Supplied information:
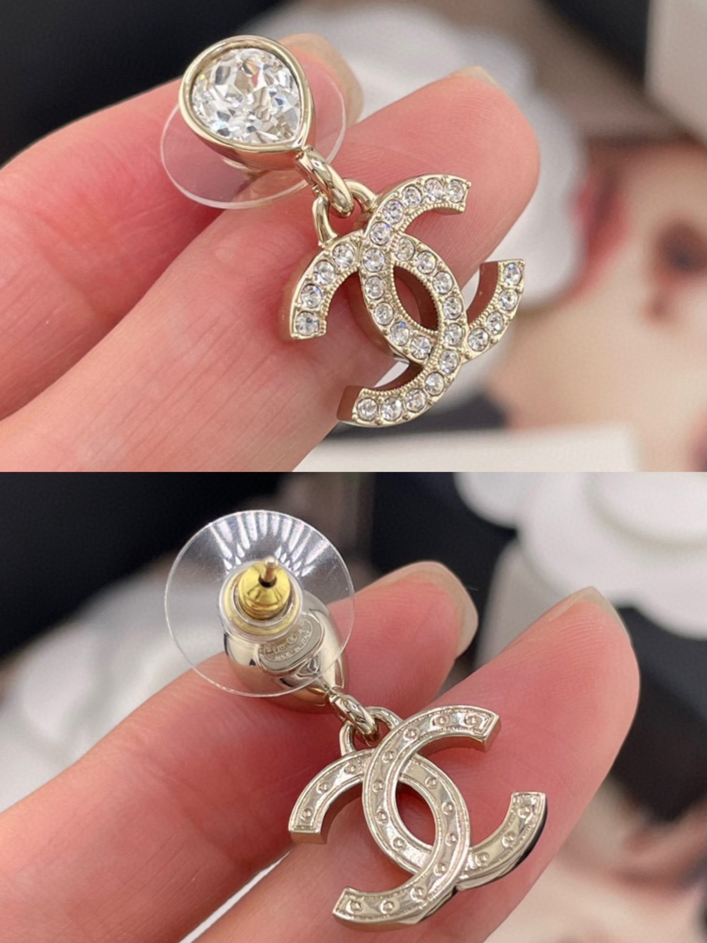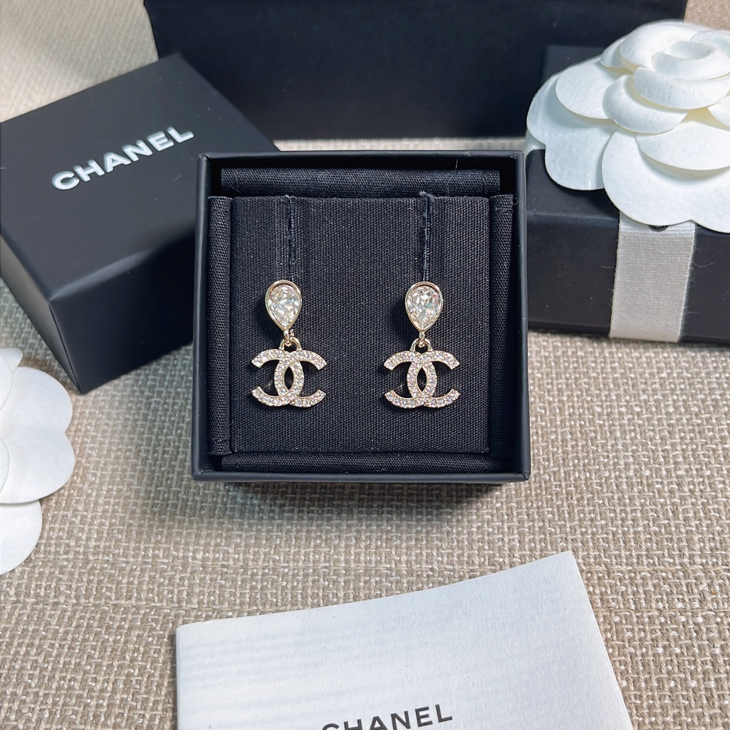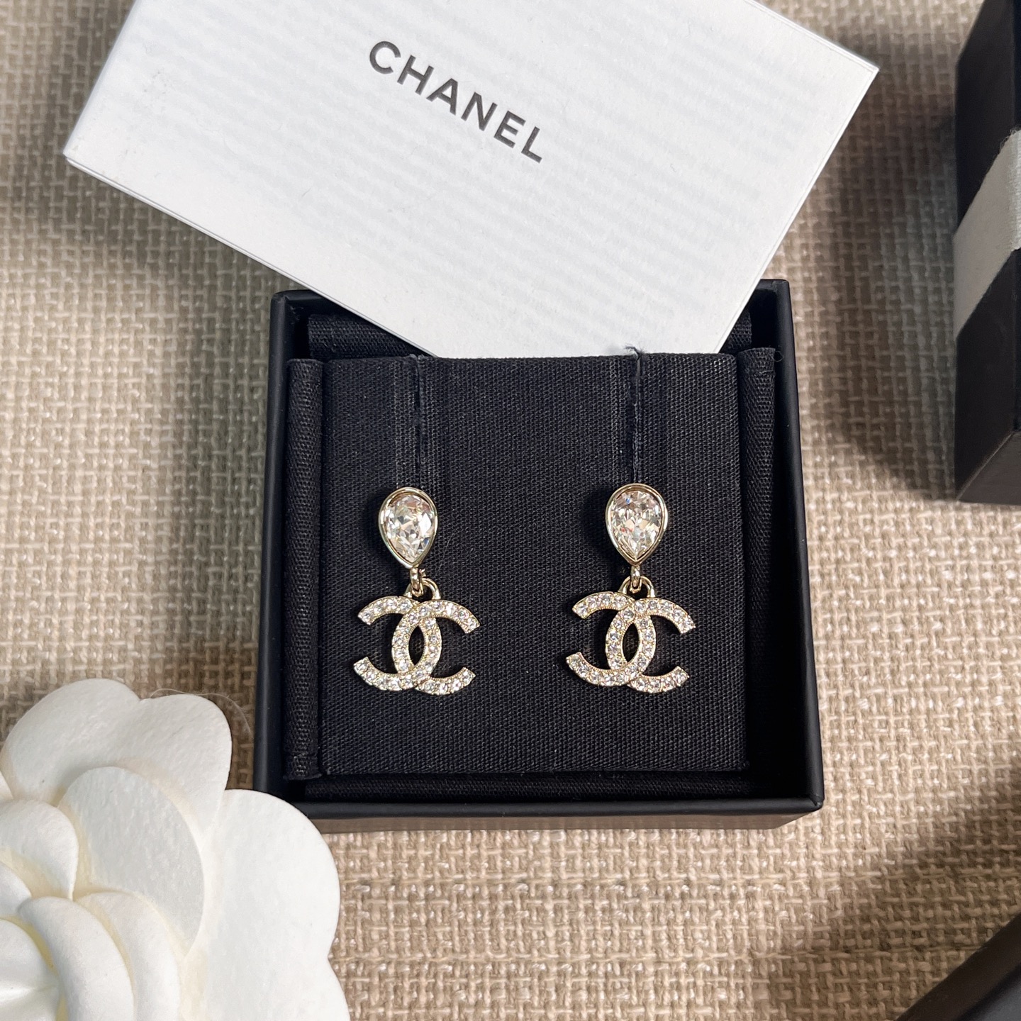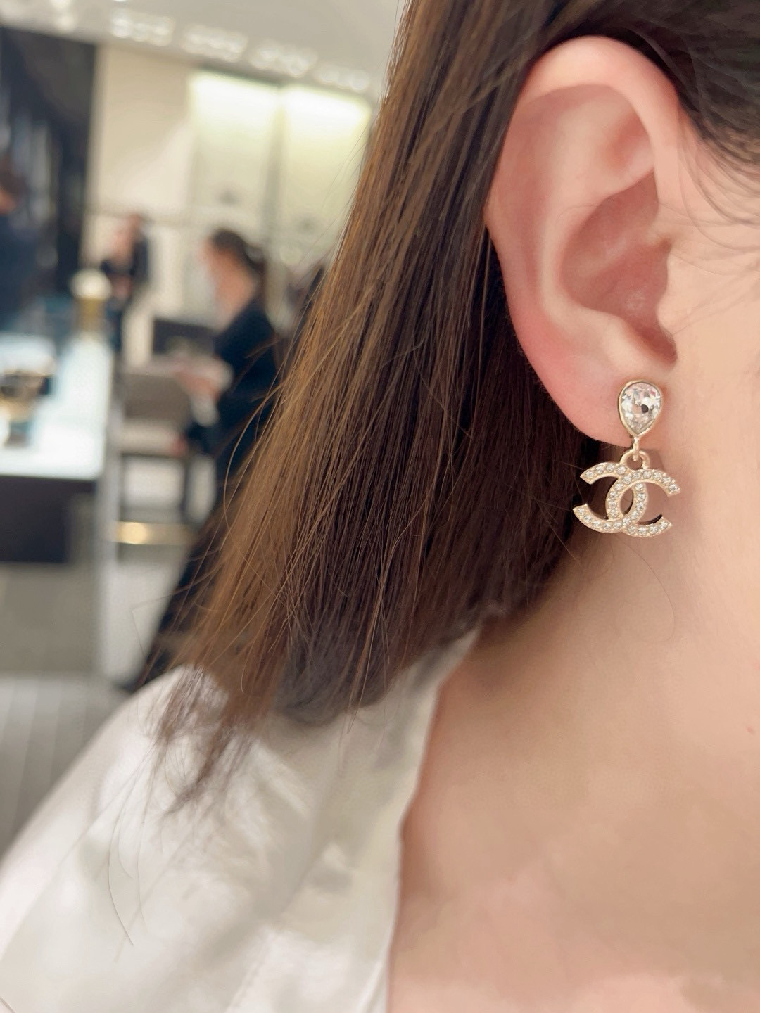 2025秋冬新品 C家 水滴鑽吊飾雙C耳環/耳夾
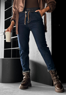 Spodnie jeansowe mom fit z paskiem Let’s Not Talk granatowe
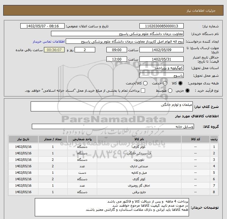 شرح کلی نیاز: مبلمان و لوازم خانگی
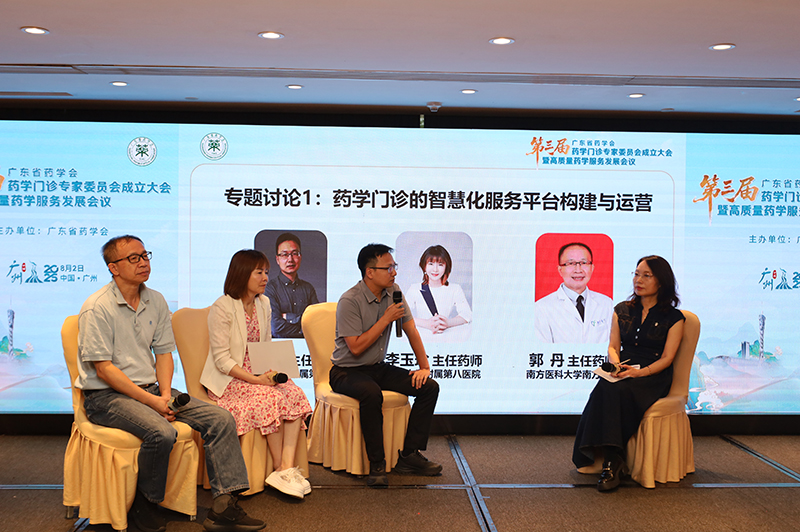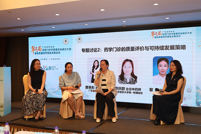 專題討論環(huán)節(jié),廣州醫(yī)科大學(xué)附屬第一醫(yī)院喻鵬久主任藥師、中山大學(xué)附屬第八醫(yī)院李玉珍主任藥師和南方醫(yī)科大學(xué)南方醫(yī)院郭丹主任藥師針對(duì)“藥學(xué)門診的智慧化服務(wù)平臺(tái)構(gòu)建與運(yùn)營(yíng)”展開討論,探討了如何利用信息化、智能化技術(shù)賦能藥學(xué)門診,提升服務(wù)效率與可及性。廣東省人民醫(yī)院曾英彤主任藥師、廣州中醫(yī)藥大學(xué)第一附屬醫(yī)院蔡慶群主任藥師、湛江中心人民醫(yī)院黎娜副主任藥師針對(duì)“藥學(xué)門診的質(zhì)量評(píng)價(jià)與可持續(xù)發(fā)展策略”展開了深入對(duì)話,共同探討如何構(gòu)建藥學(xué)門診質(zhì)量評(píng)價(jià)體系和如何推進(jìn)藥學(xué)門診可持續(xù)發(fā)展的措施。

Task details: An exact copy of the listing above is to be set down, with no pictures in it.

Output for this task:
 2025秋冬新品 C家 水滴鑽吊飾雙C耳環/耳夾
 Spodnie jeansowe mom fit z paskiem Let’s Not Talk granatowe
 شرح کلی نیاز: مبلمان و لوازم خانگی
 專題討論環(huán)節(jié),廣州醫(yī)科大學(xué)附屬第一醫(yī)院喻鵬久主任藥師、中山大學(xué)附屬第八醫(yī)院李玉珍主任藥師和南方醫(yī)科大學(xué)南方醫(yī)院郭丹主任藥師針對(duì)“藥學(xué)門診的智慧化服務(wù)平臺(tái)構(gòu)建與運(yùn)營(yíng)”展開討論,探討了如何利用信息化、智能化技術(shù)賦能藥學(xué)門診,提升服務(wù)效率與可及性。廣東省人民醫(yī)院曾英彤主任藥師、廣州中醫(yī)藥大學(xué)第一附屬醫(yī)院蔡慶群主任藥師、湛江中心人民醫(yī)院黎娜副主任藥師針對(duì)“藥學(xué)門診的質(zhì)量評(píng)價(jià)與可持續(xù)發(fā)展策略”展開了深入對(duì)話,共同探討如何構(gòu)建藥學(xué)門診質(zhì)量評(píng)價(jià)體系和如何推進(jìn)藥學(xué)門診可持續(xù)發(fā)展的措施。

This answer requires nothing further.